OCC Joins Other Agencies in Fight Against Debit Interchange Limit

WASHINGTON — Acting Comptroller of the Currency John Walsh warned Tuesday that a Federal Reserve Board proposal to limit debit interchange fees could hurt banks of all sizes.

In a comment letter sent to the Fed, Walsh raised several concerns about the plan, which was required by the Dodd-Frank Act, suggesting the central bank had gone too far.

"We believe the proposal takes an unnecessarily narrow approach to recovery of costs that would be allowable under the law and that are recognized and indisputably part of conducting a debit card business," wrote Walsh. "This has long-term safety and soundness consequences — for banks of all sizes — that are not compelled by the statute."

Under Dodd-Frank, the Fed is required to ensure debit interchange fees are "reasonable and proportional." The Fed issued a proposal in December to limit such fees to 12 cents, arguing that would cover all of an institution's costs for setting up and using a debit system.

But Walsh — echoing bank arguments — said that the Fed went too far in its plan, arguing the central bank had flexibility to consider alternative methods to allow debit card issuers an ability to recover certain costs from a debit card business.

"The statute directs the Board to set 'standards for assessing' whether a fee is reasonable and proportional to the cost incurred by the issuer with respect to the transaction; it does not say that the Board should set the allowable fee," wrote Walsh.

The OCC said the Fed could also consider "non-authorization, clearance and settlement costs that are specific to a particular electronic debit transaction."

Walsh also warned about the hit banks would take to fee revenue as a result of the plan.

The Fed's proposal offered two options that involve setting specific fees per transaction. Under one option, there would be an issuer-specific interchange fee with a safe harbor initially set at 7 cents per transaction and a cap set at 12 cents per transaction. A second option would place a 12 cent cap on transactions applicable to all covered issuers.

The Fed has estimated that setting such specific fee caps would result in a 70% reduction of interchange revenue, according to the OCC.

"The impact of a revenue reduction of this magnitude has not been studied, but it is clear that it will change how financial institutions, both large and small, will do business, with obvious negative impacts on their ability to recover their costs of operation and unpredictable collateral consequences for their customers," wrote Walsh.

The OCC urged the Fed to give further consideration to the costs that should be taken into account in calculating the allowable rate.

Lastly, the agency expressed concern about adoption of an alternative that would allow issuers to recover costs for major technological innovations.

Doing so, the OCC argued would "make the board the gatekeeper for determining which innovations are significant enough to be eligible for the adjustment. Moreover, adopting the second alternative could discourage issuers from engaging in incremental improvements to existing fraud prevention technologies."
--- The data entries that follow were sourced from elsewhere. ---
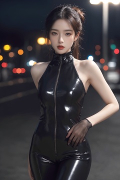 masterpiece, best quality, masterpiece,best quality,official art,extremely detailed CG unity 8k wallpaper,woman,photorealistic, masterpiece, realistic,8k, RAW photo, best quality, masterpiece:1.4),(real picture, intricate details), ultra-detailed, ultra highres, depth field,(1girl:1.2), (SOLO:1.2) (alone:1.2), (single1.2), (only one:1.2), (one character:1.2)floating, expresionless, turtle neck, close up photo, long hair, from lower, standing, bright, two tone lighting, octane, (low key:1.3),Perfect female body shape, delicate and perfect face, (long legs:1), slim, small breasts, underboob,  , bodysui, Deep V, Zipper not closed, Reflective catsuit, High ponytail, Black rubber gloves, night, A gloomy urban night, The streets of the city at night,    <lora:美女:0.8>
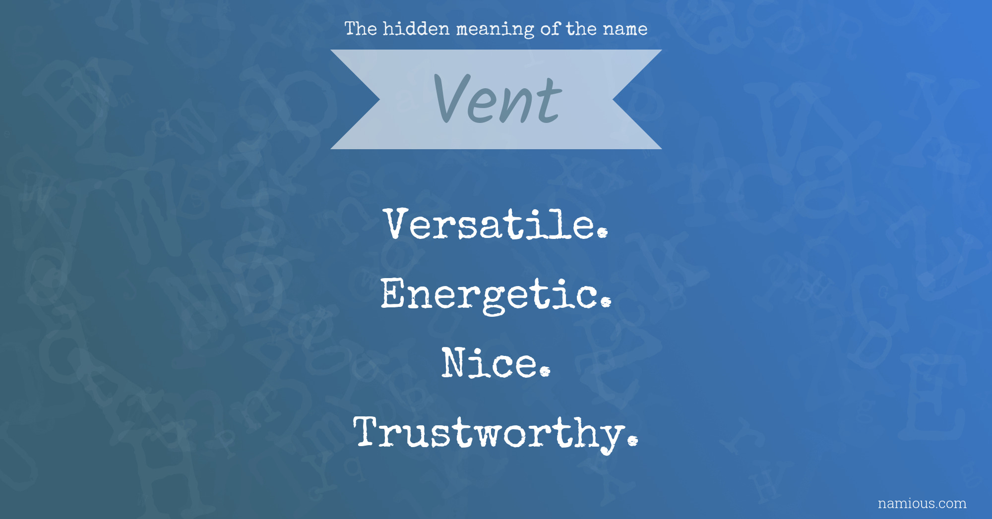 "Vent is a versatile, energetic, nice and trustworthy person."
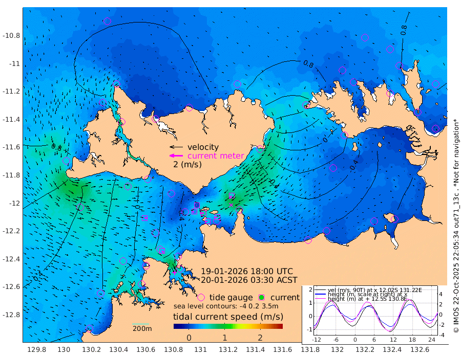 37cm/s -101T +4cm/s rms + 6cm/s 51T. Darwin_C1 52m 49cm/s -91T +4cm/s rms + 7cm/s -161T. Darwin_CW1 22m 26cm/s -107T +4cm/s rms + 8cm/s 61T. Darwin_CW2 34m 53cm/s -139T +3cm/s rms + 9cm/s 98T. Darwin_CW3 22m 61cm/s -91T +5cm/s rms + 7cm/s 88T. Darwin_C3 56m 5cm/s -99T +2cm/s rms + 9cm/s -126T. Darwin_CTbW 22m 32cm/s 101T +1cm/s rms + 1cm/s -47T. DARBGF 30m 35cm/s 134T +4cm/s rms + 3cm/s 80T. NRSDAR 19m 81cm Goodrich Bank 11cm Point Jenny 15cm Native Point -5cm Fish Reef -2cm Tapa Bay 55cm Point Fawcett (Offshore) -18cm Burge Point -5cm Munkunuwa 23cm Beagle A -21cm Parsons Bank -16cm Fenton Patches -31cm Hancox Shoal Area -35cm Nightcliff -38cm Darwin -12cm Charles Point Patches -50cm Glyde Point -95cm Chambers Bay -100cm Point Stuart -58cm Cape Hotham -78cm Christine Reef -119cm West Alligator Head -138cm East Field Island -61cm Two Hills Bay -52cm Camp Point -9cm Medina Inlet South 62cm South Barlow Point 70cm St. Asaph Bay 86cm Cape Van Dieman 84cm Snake Bay 79cm Cache Point 59cm Point Jahleel (Off) 23cm Cape Don 60cm Port Essington 60cm Smith Point - West 63cm NW Peacock Island 62cm North Of Jones Shoal 22cm Peacock Island 54cm Point David 63cm D'urville Point 48cm Copeland Island 49cm One Tree Point
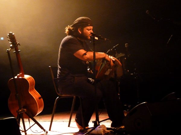 Declan ouvre les festivités! Artiste que j’ai découvert sur myspace et aussi sur la BO du film L.O.L (sublime duo avec Maidi Roth – Not To Love You) avec une carrure de rugbyman, mais qui se rapproche plus du nounours que de la brute épaisse dès qu’il ouvre la bouche. Il débute devant nous, à capella, pieds nus, comme ancrés dans le sol. Se dégage alors de ce corps une émotion d’une justesse inouïe. Tout chez lui est ‘raw’: son allure, sa voix, son énergie. Avec pour instrument une seule guitare ou un instrument traditionnel Indien (une de ses trouvailles lors de ses voyages parait-il!), il est parfois aussi accompagné de Guillaume, au piano, qu’il a repéré sur youtube nous dit-il. L’alchimie entre les 2 hommes opère parfaitement: le piano souligne alors l’émotion qui réside dans ces mélodies. Declan nous présente quelques chansons de son album intitulé A Fire To Scare The Sun, toutes plus belles les unes que les autres (Red Forest, 57 Years) ainsi que des chansons plus anciennes (Apple Tree, Throw Your Arms Around Me). Sa voix superbe va de paire avec une spontanéité rafraîchissante, car dire ‘Fuck’ entre 2 chansons pour détendre l’audience n’a jamais tué personne! Mention spéciale pour Until The Morning Comes. L’irlandais nous quitte comme il est venu, sur la pointe des pieds, à capella. Quelques grammes de finesse dans ce monde de brutes.
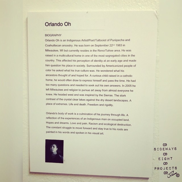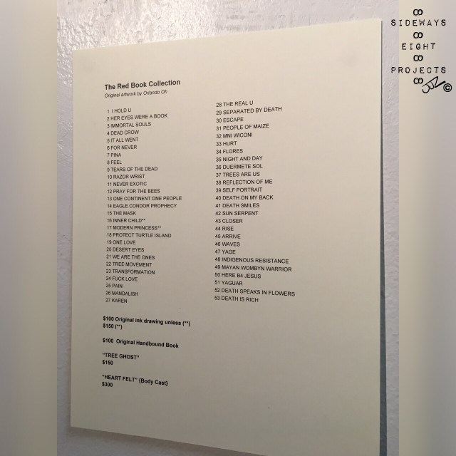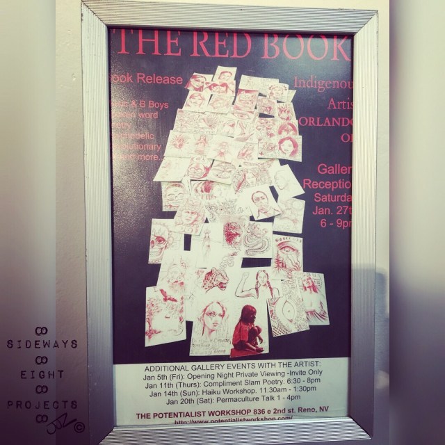 sidewayseightprojectsFriday evening, January 5th, 2018, I had the honor of attending the Special Preview of ‘The Red Book’ Orlando Oh’s gallery opening at the Potentialist Workshop (836 E. Second Ave., Reno, NV). The entire body of amazing work will be on display for the rest of the month of January.
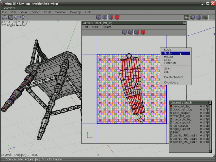Многие из этих команд одновременно имеют простые и сложные настройки, относящиеся к тому, как именно данный инструмент будет воздействовать на редактируемую модель. Программа также может накладывать текстуры и материалы на модель и имеет встроенный автогенератор текстурных координат.

There has been growing momentum by lawmakers, bankers, community banks, and credit unions to slow down the process and consider the rule further before the Fed is required to implement the new rule in April. Sen. Jon Tester, D-Mont., is widely expected to introduce a bill soon that would delay implementation of the Fed rule for two years. But Sen. Dick Durbin, the author of the interchange provision in the Dodd-Frank bill, has said he will oppose any such attempt.

The OCC is the third bank regulator to raise concerns with the plan. Fed Chairman Ben Bernanke and Federal Deposit Insurance Corp. Chairman Sheila Bair have expressed reservations over the rule and its potential impact on small banks.

While banks with less than $10 billion of assets are ostensibly exempted from the pending rule, regulators have suggested that smaller banks may still be hurt.

"It may not be the case that, in practice, they are exempt, but I don't know for sure," Bernanke said. "Of course, one way to address it is, if Congress wants to, would be to require the networks to differentiate."

Bair has echoed a similar sentiment saying adoption of a two-tiered system would ensure community banks are truly exempt.

Community banks have raised concerns about the provision since the start, arguing that, if large banks must limit their fees, merchants may refuse to accept debit cards issued by smaller institutions if they do not follow suit. Both Bernanke and Bair acknowledged such a situation is possible unless the card networks agree to a two-tiered rate system that prevents merchants from taking such action.